SATURDAY, APRIL 11, 2009
Another Bonus Outrage
So the Crown Prosecution Service is giving £250 of our flaming money to each of the 16% (yes, just 16%) of its employees who actually turned up for work on The Day of The Great Snows. They say they are rewarding staff who went the fabled"extra mile".
But as the TPA's Mark Wallace points out:
"Only 16% of CPS staff compared to 70% or more of staff around the rest of the country actually turned up on the day that it was snowy... Have a look at what this really rewards - it doesn't reward hard work, it rewards having a bus route that works, that runs near your house."
As regular BOM readers may recall, Mrs T and I had our own taste of going the extra mile on that same snowbound February day:
"Whereas Tyler's, and many other, councils failed to keep the show on the road (Surrey's schools are still closed), the private sector ploughed on magnificently.
Mrs T, you see, has finally had it with her disintegrating held-together-with-string kitchen and is demanding a new one. So she'd arranged for a bespoke kitchen man to call on us at 11am yesterday.
Well, obviously he wasn't going to make it because Tyler Towers was under unfathomable feet of snow and our country road was blocked - no, really, with council gritters nowhere in sight.
But amazingly, just before 11, this Scott of the Antarctic figure appeared though the swirling snow, literally up to his knees in the stuff. He was wearing a bright yellow sailing survival suit and had walked for two miles down a snowbound lane to reach us.
And that my friends is the power of the market."
We naturally made sure Capt Scott's boss heard of his man's heroism, and how impressed we were. But I'll bet he got no special bonus.
Now it is true that the CPS is one of the very worst outposts of government. When the Public Accounts Committee looked at it, they found amateurish working practices, endemic incompetence, and gripless management (see this blog). Incomplete files, unanswered phones, uncontactable lawyers (never heard of Blackberries), and abysmal lack of urgency, are all taken for granted inside the CPS.
But as we've blogged many times, the public sector pays bonuses for all manner of things that are taken for granted by private employers. We reckon it costs us well over £1bn pa, and it's pretty well money down the drain.
And don't get me started on sickies. As we've noted many times, sick leave in the public sector runs about 40% higher than the private sector, and in some areas it's even worse: in the NHS it averages two-and-a-half weeks a year (against a private sector average of 7 days).

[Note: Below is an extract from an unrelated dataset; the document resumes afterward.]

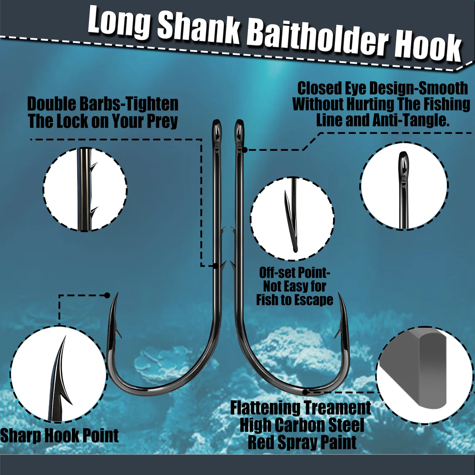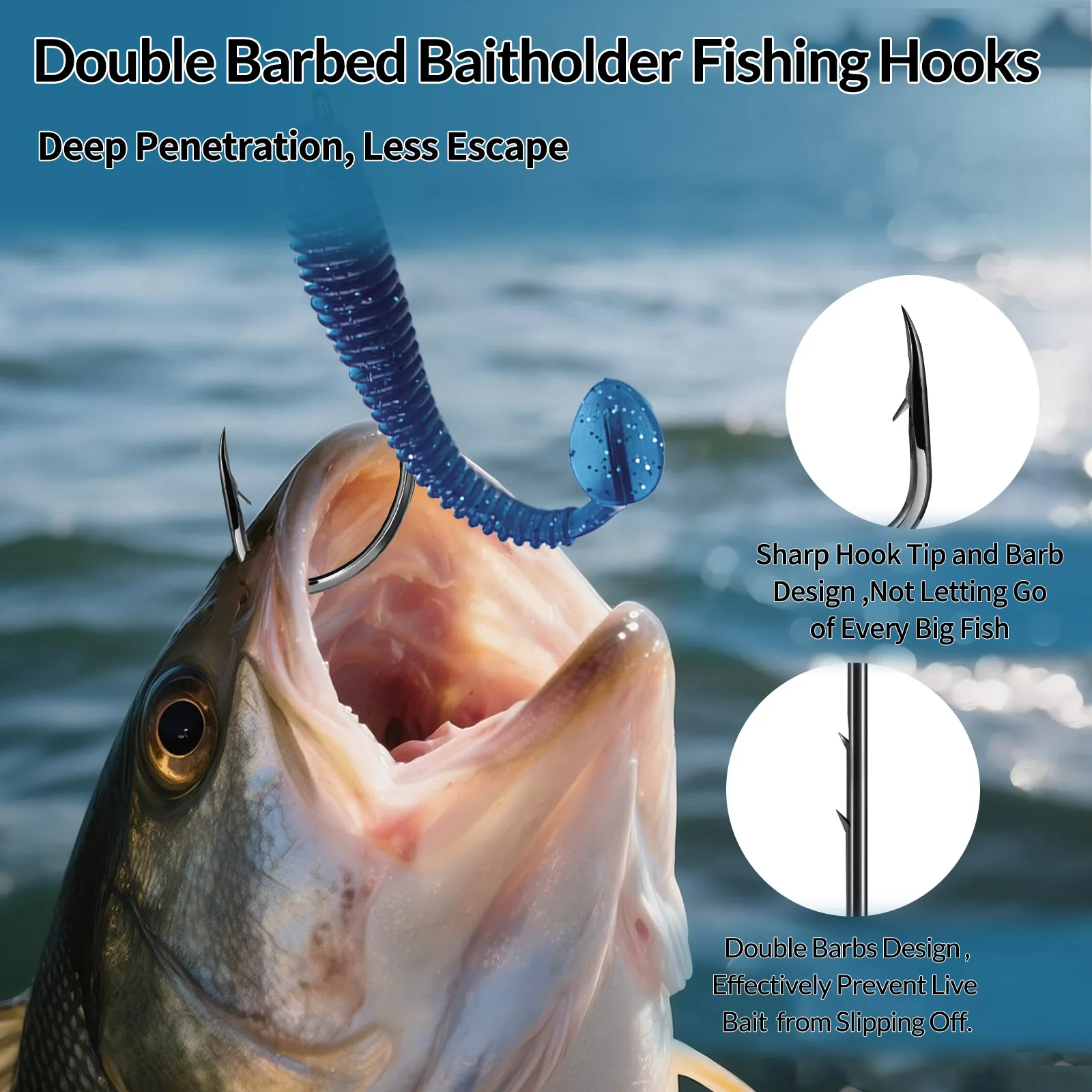 The Baitholder Fishing Hooks are designed for both freshwater and saltwater fishing, providing high strength and durability. These hooks feature a long shank and barbs that securely hold bait, making them ideal for various fishing conditions.

M'learned friend the Village Postmaster reckons extensive sick leave is ultimately a failure of management. In his own shop, just like at Tesco and many other leading retailers, nobody gets sick pay for the first three days, and unauthorised absenteeism is non-existent.
So that's two more items for George's list - bonuses and sickies. Abolishing public sector bonuses would save c £1bn pa, and cutting public sector sickies down to the private sector level would save another £3bn pa.
£4bn pa.
QED.
PS Talking of George, he's reportedly one of the intended targets of the obscene McBride/Drooper conspiracy so brilliantly exposed today by Guido. But what the Major and I want to know is WTF Brown hasn't immediately sacked McBride? Even he can't imagine we're happy supporting his low-life scumbag mates out of our taxes.